The fund's reserves were drained in 2004 and principal and interest payments have fallen short since then. The authority devised the liquidation plan in 2006 to provide partial benefits for all bondholders and won court approval in 2007 to proceed. The bonds mature in 2022 and the authority believes investors with $35 million of later maturing bonds will never receive any principal if no action is taken.

A group of objecting bondholders who hold about $18 million of the debt challenged the liquidation plan and the district court's refusal to appoint a receiver to manage any liquidation. The appellate court upheld the district court's decision, but the Minnesota Supreme Court last September voided lower court rulings.

The high court found the district court lacked jurisdictional authority to approve the liquidation plan in part because it altered the original bond contract. The original 876 resolution allows the Port Authority to change the original terms of the fund without bondholder consent only if the changes do not hurt any bondholders.

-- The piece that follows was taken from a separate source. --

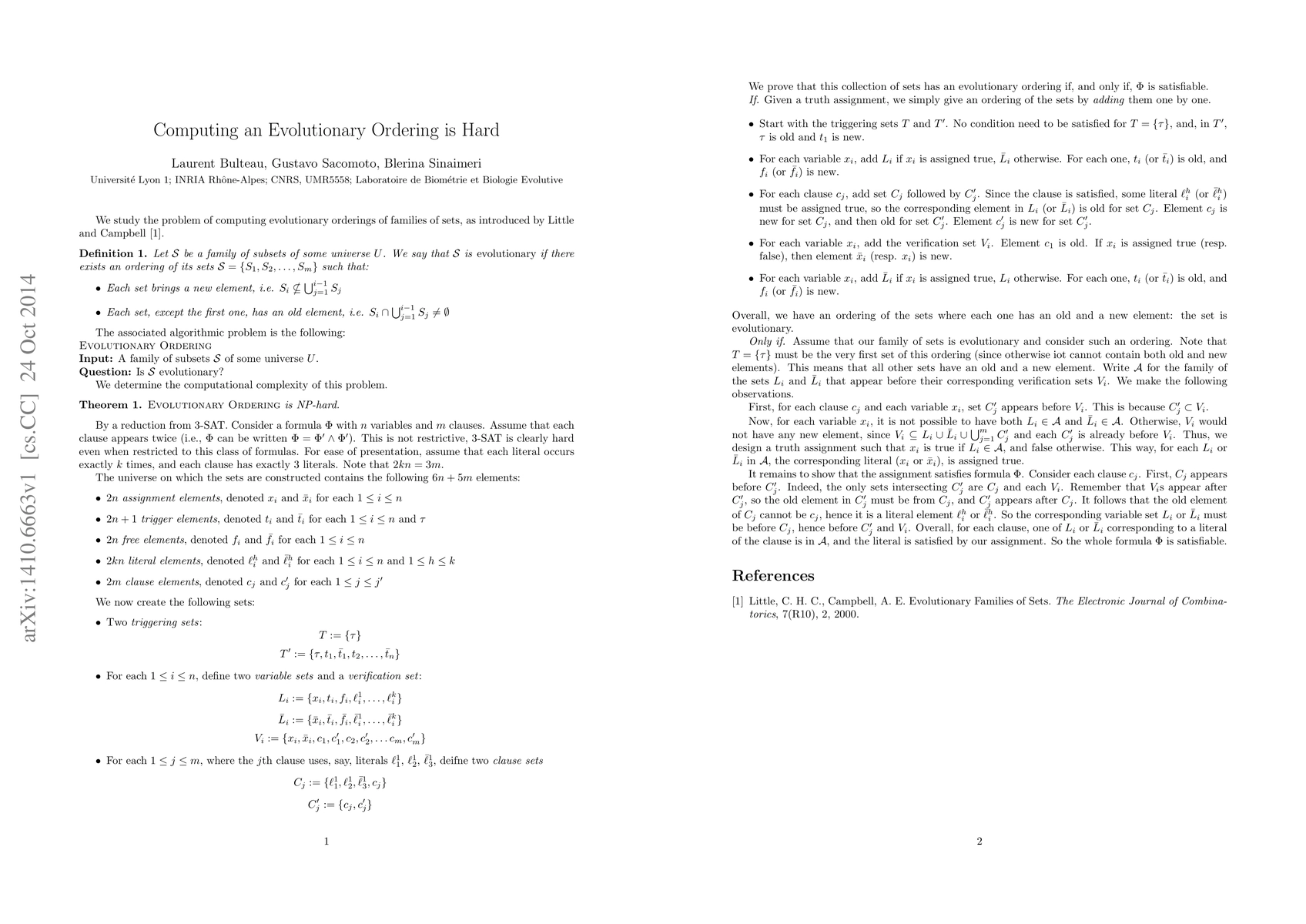 We prove that computing an evolutionary ordering of a family of sets, i.e. an ordering where each set intersects with --but is not included in-- the union earlier sets, is NP-hard.

The court sent the case back to Ramsey Court Judge Teresa Warner to consider whether the objecting bondholders had filed in a timely fashion objections to the authority's 2002 and 2004 tender offers. In her ruling earlier this month, available at, Warner sided with the objecting bondholders and vacated the 2002 and 2004 orders.

"This is a setback. We now start all over again," said authority spokesman Tom Collins. "We had hoped Judge Warner would have also ruled on the merits of the case, verified our management of the fund, and agreed that the fund would never pay off for bondholders, and that our plan to liquidate the distressed fund and distribute the assets in a way that maximized the benefits for all 2,600 bondholders was the most fair and equitable."

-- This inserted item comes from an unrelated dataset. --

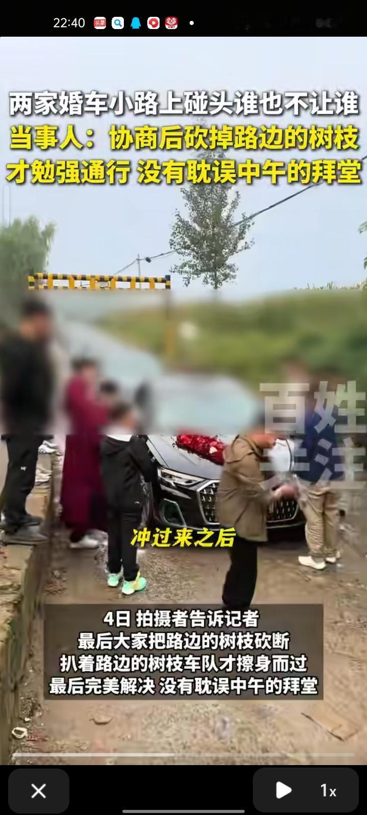 10月3日,山东菏泽。两家结婚的车队在过涵洞的小路相遇,谁也不让谁,最后双方堵在路上引发网友热议。拍摄者表示,最后大家把路边的树枝砍断,扒着路边的树枝车队才擦身而过,最后完美解决,没有耽误中午的拜堂。 这场涵洞对峙成为婚姻的绝妙比喻,新婚夫妻就像这两队婚车,未来路上难免磕磕碰碰,关键不是谁让谁,而是能不能一起想办法。如果谁都不让,这个婚注定是过不去。

Collins stressed that the agency has lost court rulings solely on technical grounds that do not address the merits of its plan. The authority could seek to revise its liquidation proposal or the Port Authority could hold additional tenders. The failed liquidation would have paid at least 62 cents on the dollar and provided a tax loss benefit. The fund's assets generated only enough to cover 56% or $1.4 million of the $2.47 million interest payment on June 1.

Meanwhile, the objecting bondholders have filed a new complaint at the district court level, seeking appointment of a receiver, a full accounting of the authority's use of 876 bond fund asset revenues, and damages. The group contends the port has breached its contract in its management of the fund.

"We clearly have claims against the port for breaching the contract for diverting revenues that were pledged for use only for principal and interest on the bonds," said the group's attorney, Keith Broady of Lommen, Abdo, Cole, King & Stageberg.

The authority established the fund in 1974 to support revenue-producing projects and issued $428.8 million of commercial development revenue bonds backed by project revenues between 1974 and 1991.

Many of the projects failed and pledged project revenues have failed to cover debt service since 1991. Reserves were tapped until their depletion in 2004. Principal payments have been withheld since 2006 as restructuring efforts have failed.